The 3DS Max Kuesa exporter can on its side be downloaded here.

gltfEditor (ex-assetpipelineeditor) has been improved, and a simple, minimal-dependency glTF 2 viewer has been implemented. It supports a few command line flags useful for testing and is simply named gltfViewer.

A new tool to process glTF 2.0 assets from the command line has been implemented. It is named assetprocessor.
It allows for instance to compress meshes, and embed buffers in a glTF file or extract them.

Breaking changes

Some tools have been renamed in order to make their main use case clearer.

  • assetpipelineeditor has been renamed gltfEditor.
  • The extension of shader graph save files has been changed from .qt3d to .graph (the files in kuesa/src/core/shaders/graphs).
  • The Material API has been refactored : all the properties on materials (MetallicRoughnessMaterial, UnlitMaterial) are now instead grouped in material-specific “Properties” class – MetallicRoughnessProperties, UnlitProperties. This allows to decouple the actual material logic from the parameters needed for rendering it.

New features

glTF 2.0 support has been greatly improved in this release. Morph targets, which were missing in Kuesa 1.0, are now available.

Support for a few extensions and niceties has been added :

  • KHR_lights_punctual : this feature manifests itself through the new Kuesa.DirectionalLight, Kuesa.PointLight and Kuesa.SpotLight objects.
  • KHR_materials_unlit : unlit materials are now also supported in glTF 2.0 files.
  • Support for loading GLB files (single-file binary glTF format) has landed
  • The GLTF2Importer now supports multiple glTF scenes.
  • Support for 2 UV sets was added as the spec requires it.
  • A BRDF look-up table texture is now used.

The Kuesa API has been augmented in a few ways :
The Kuesa API now provides a way to pass options to the parser, through the GLTF2Options C++ class and Kuesa.GLTF2Options QML object.
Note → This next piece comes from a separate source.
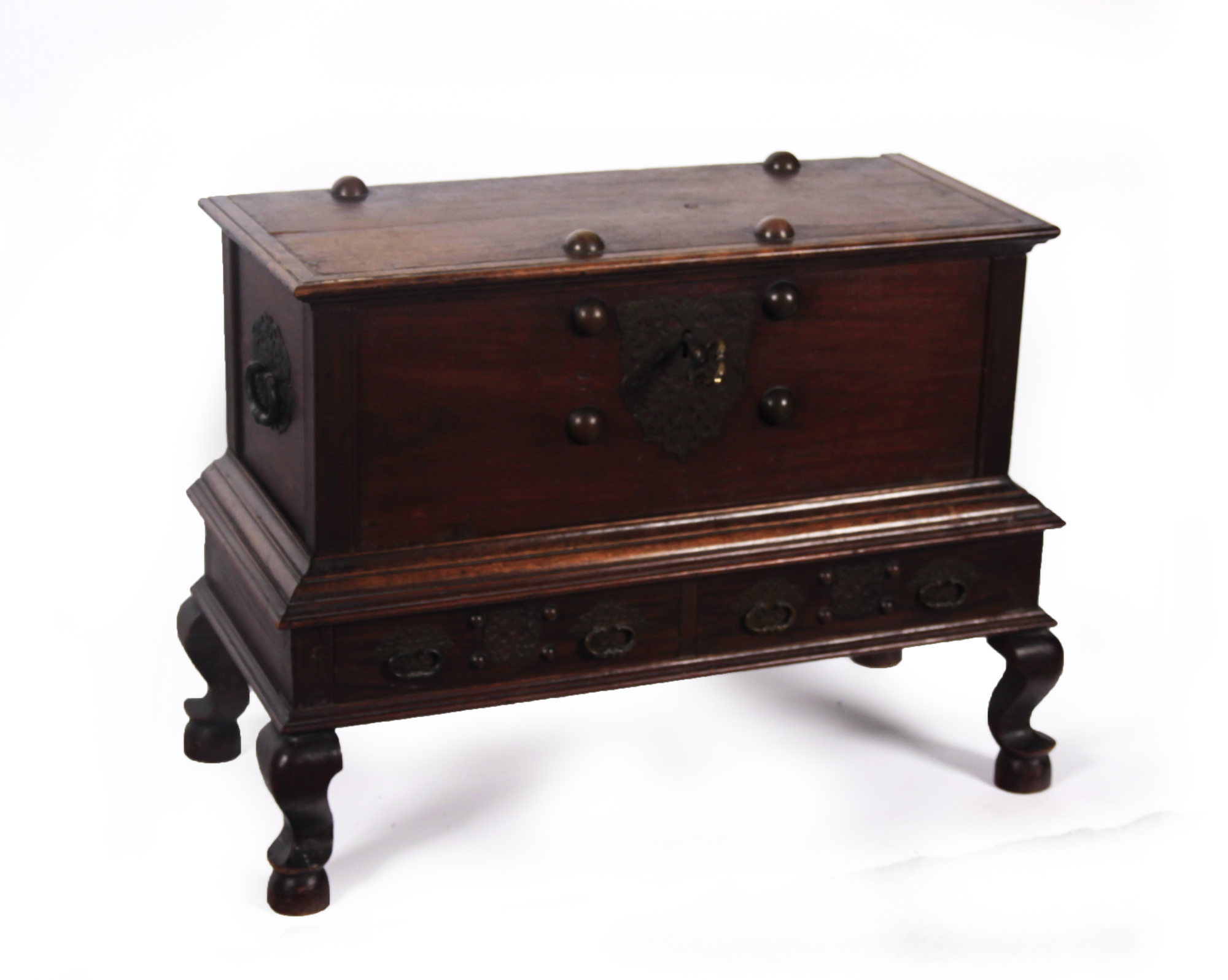 the hinged rectangular top above a fretwork escutcheon, over two drawers raised on cabriole legs

Post-processing filters have seen an overhaul, and can now leverage depth textures.
In addition, a few new effects were implemented : depth-of-field and bloom.
Bloom can be tested in the car scene demo, and all effects are showcased in the framegraph_scene test project.

car-bloom-1170x340

Not as shiny as the latest Corvette, but still with a heavy dose of bloom!

Normals and tangents can now be automatically generated when missing (through the help of the MikkTSpace open-source library) – see the GLTF2Options.
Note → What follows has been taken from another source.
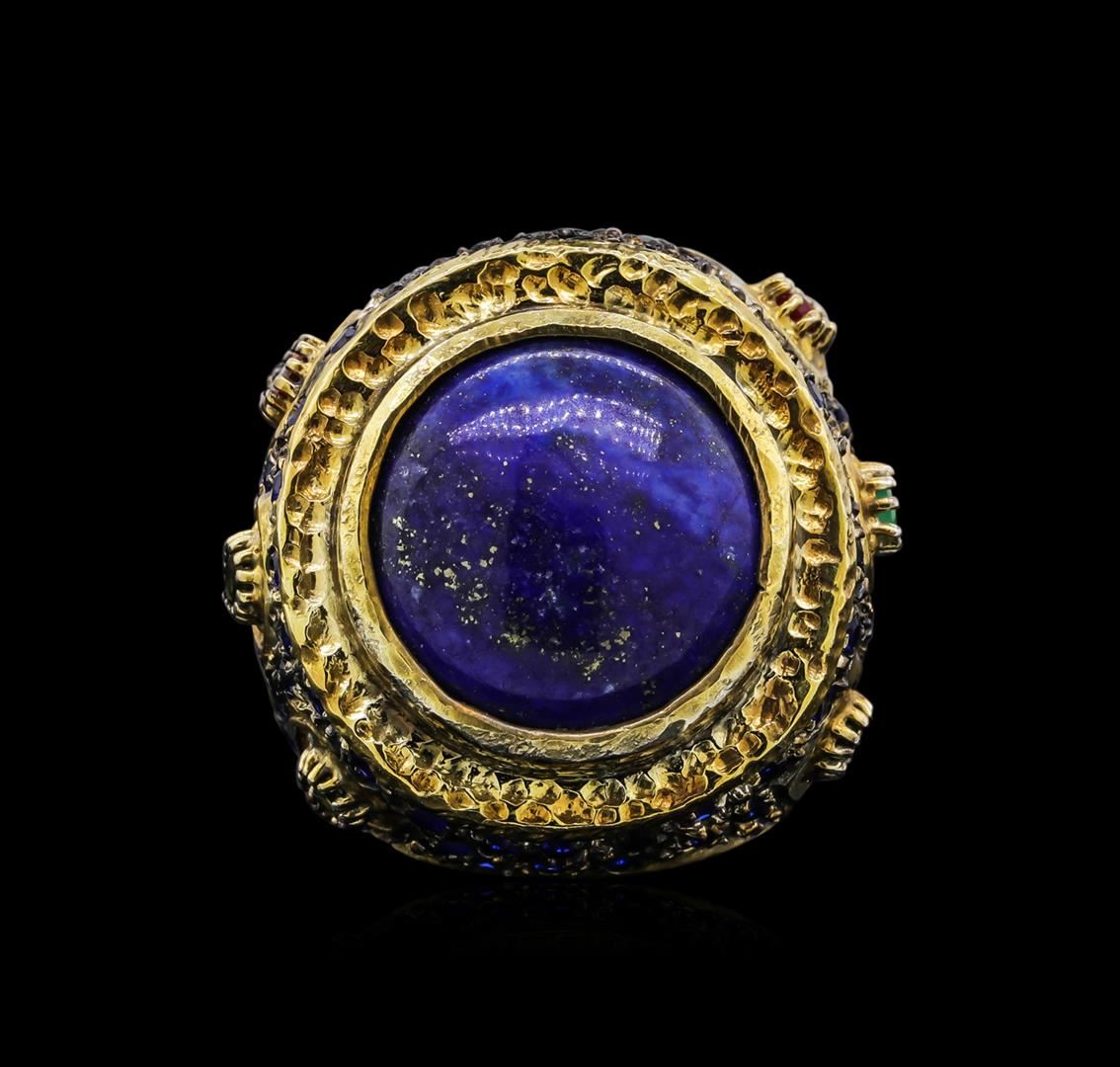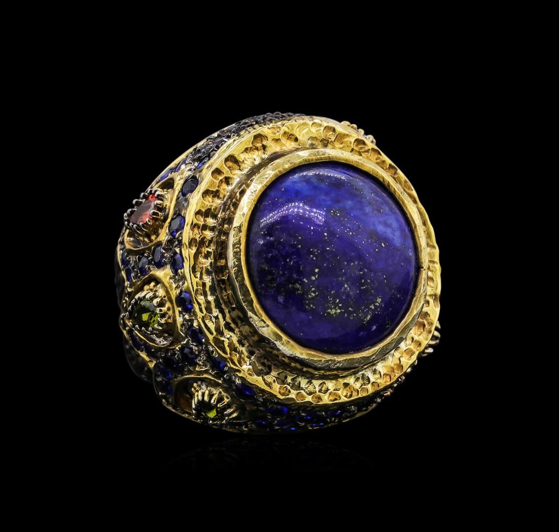 One of a kind high fashion sterling silver Ring weighing 25.3 grams. Black Antique texture. Containing: Lapis, Ruby, Blue Crystal, Multi-color Crystals. This sterling silver promises a lasting shine.

gltfEditor (ex-assetpipelineeditor) has gained a few new features, too :

  • It is now possible to configure the exposure, gamma, and the tonemapping algorithm in the settings.
  • The editor is able to save and load camera settings, under the camera pane.
  • Tangents can conveniently be generated from the user interface.
polly

Polly model in the gltfEditor

A few new examples and demos were added :

  • A music box moved by a mechanical arm. Bonus points for who will find the original melody used in the demo :)
musicbox-1

The music box demo

  • A demo of the various tonemapping algorithms implemented in Kuesa :
tonemapping

The various tonemapping filters available, as showcased in the tonemapping demo

General improvements

The codebase was thoroughly tested on a wide range of hardware ; as such, many fixes in multiple areas of the codebase were implemented.
Various HiDPI and multisampling related issues were fixed. For instance, post-processing effects now support multisampling correctly.

Better performance was achieved for the car demo on low-power devices thanks to the use of pregenerated images for the user interface.
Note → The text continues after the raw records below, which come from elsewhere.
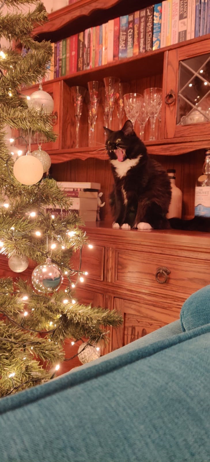 "Heard a rustling and see I have a new ornament in the tree. It’s her first Christmas. Glad I got plastic ornaments!"
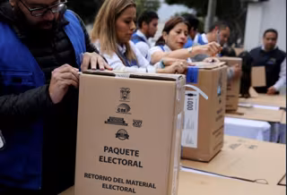 Un grupo de vocales abriendo los paquetes electorales enviados por el CNE para las elecciones en Ecuador. - TWITTER CNE
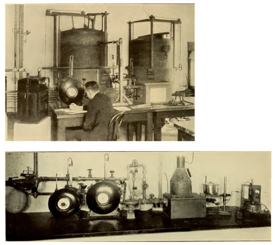 In the late 19th century, the large cost increase in gas-making materials resulted in frequent manufactured gas price increases in the United States. In some localities, the gas price increase compelled a decrease in standards of quality. At that time, natural gas production was not as abundant as today. Therefore, a variety of gases were available on the market, including natural gas, manufactured gas, or artificially lower-standard manufactured gas. As a result, the investigation of residential burner mechanisms operating on multiple gases was conducted. The American Gas Association started to work on the project of improving the gas-utilization efficiency, which was one of its earliest tasks after its foundation in 1918. Meanwhile, the engineering section of the U.S. Bureau of Standards started to investigate the design and operation of atmospheric burners, which were, and still are, commonly adopted in residential appliances. Through these studies in the early 1900s, a better understanding of residential appliance burner working principles was obtained [79]. Later in 1932, other than the burner efficiency, reducing emissions from combustion such as carbon monoxide also became a consideration in residential burner design [80]. Therefore, more detailed residential burner optimization started to be conducted considering efficiency, flame characteristics, carbon monoxide emission, etc. [81]. The test setup for residential burners is shown in Figure 7.
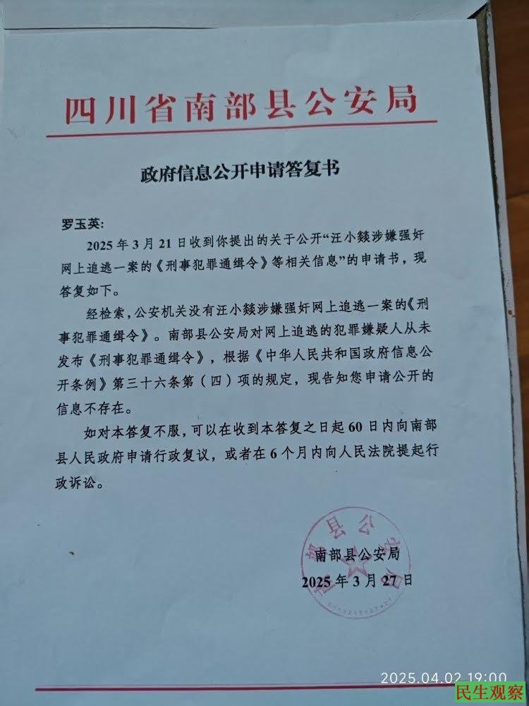 【民生观察2025年4月9日消息】四川省南充市南部县罗玉英儿子汪小燚在部队被军官虐待体罚、殴打致残,部队却用欺骗手段把孩子档案交给父母,遗弃不管,后经过家属多次上访,部队和家属达成协议,但签字后部队却出尔反尔不兑现承诺。2005年,汪小燚因涉嫌强奸罪被南部县公安机关列为网上追逃,新案旧案一起,导致母亲罗玉英为此上访二十多年却无解决希望。近日,罗玉英递交申请,要求政府公开“汪小燚涉嫌强奸网上追逃一案的《刑事犯罪通缉令》等相关信息。随后南部县公安局向罗玉英出具了政府信息公开申请答复书,称其申请的公开信息不存在,汪小燚不是通缉犯。

The tonemapping and PBR pipelines were also reworked. The changes fix color space issues in the frame graph, in particular with post-processing effects.
The PBR rework also fixes various subtle rendering artefacts.

Contributing to Kuesa

An infrastructure change has been put in place during this release cycle : dissatisfied by the pull request UI of Github, we migrated the code review to an open Gerrit instance, linked with our Github repository.

Finally, a big thanks to all the contributors for this new version :
Jim Albamont, Robert Brock, Timo Buske, Juan Jose Casafranca, Jean-Michaël Celerier, Wieland Hagen, Sean Harmer, Mike Krus, Paul Lemire, David Morgan, Mauro Persano, Nuno Pinheiro, Allen Winter.